In response to this ruling, the lawyers representing the female employees are now filing regional actions.  A complaint was filed in federal court in Texas on October 28, 2011.  The complaint is the second to be filed since a nationwide class action against the company was thrown out by the Supreme Court in June, 2011. On October 27, 2011, a similar set of claims was filed in federal court in California. In both Texas and California, plaintiffs are seeking class action status for female Wal-Mart workers in that state.

Attorneys for female Wal-Mart employees are now pursuing a state-by-state strategy, said Joseph Sellers, an attorney for Cohen Milstein, at a news briefing on Thursday announcing the California lawsuit.  Sellers represented plaintiffs in the nationwide lawsuit.  Sellers said that more lawsuits will be filed in different regions in the next three to six months.

The Texas lawsuit alleges the company paid women at lower rates than men for similar work and kept them from being promoted to management-track jobs. The complaint names Stephanie Odle, who has worked at Wal-Mart owned Sam’s Club stores in three states and claims she was unfairly denied a promotion.

“Managers in Texas Regions do not require or use valid, job related factors in making the promotion selections,” the lawsuit said. “Wal-Mart’s managers rely on discriminatory stereotypes and biased views about women in making pay and promotion decisions.”

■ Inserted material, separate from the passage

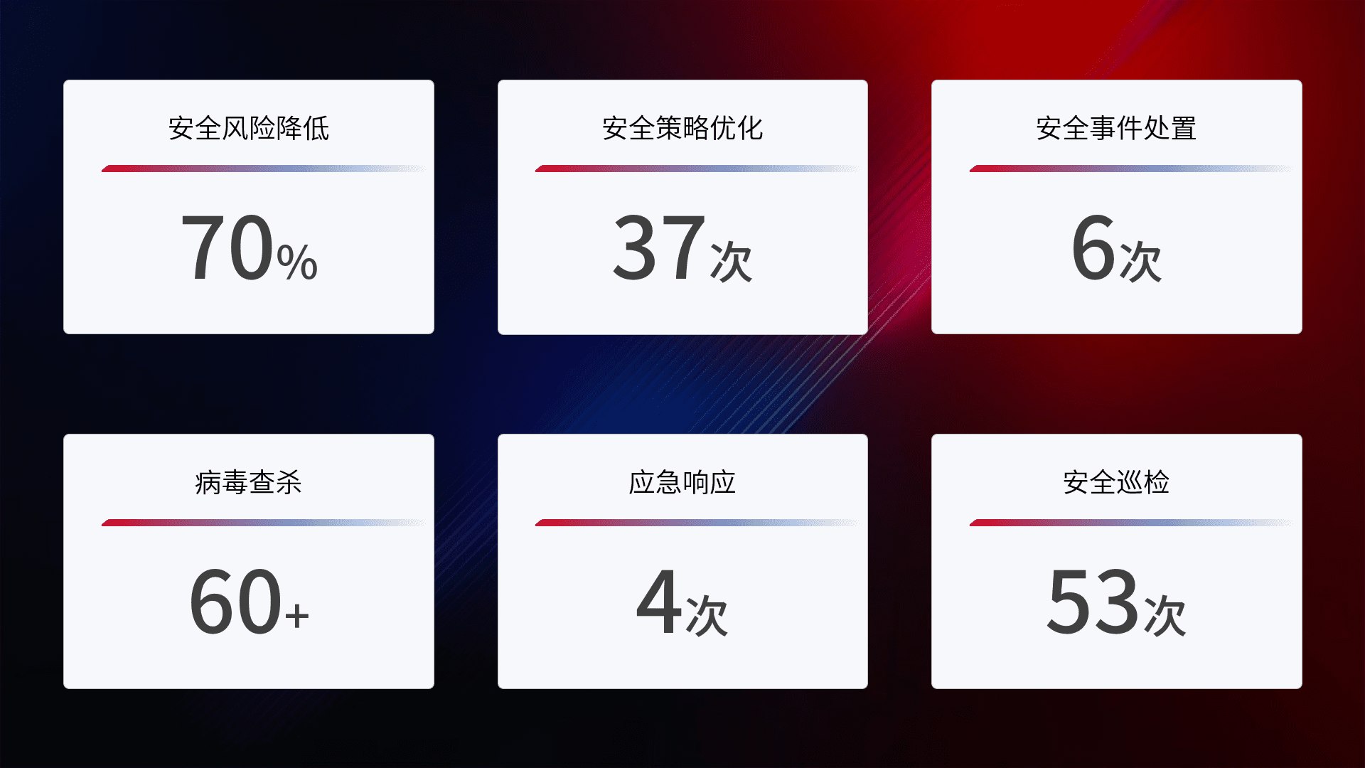 提供全面的安全事件报告体系,,包括处置报告、、、、周报、、、、季度和年度总结,,,结合持续监控,,帮助客户深入了解网络安全状况。。

The proposed class of plaintiffs would include at least 45,000 women employed at Texas Wal-Mart and Sam’s Club stores from December 1998 through at least June 2004.  The plaintiffs are seeking changes in Wal-Mart’s promotion policies in Texas, compensatory relief and punitive damages.

The original class action lawsuit was filed in 2001 on behalf of up to 1.5 million female Wal-Mart workers across the country. A federal court in California granted the group class action status in 2004, and Wal-Mart appealed the decision.  The Ninth Circuit affirmed the trial court.

In June, the U.S. Supreme Court reversed the lower courts’ rulings and dismantled the national class action. In a 5-4 decision, the court found that female employees in different jobs, with different supervisors, at 3,400 stores nationwide did not have enough in common to be considered together in a single class-action lawsuit.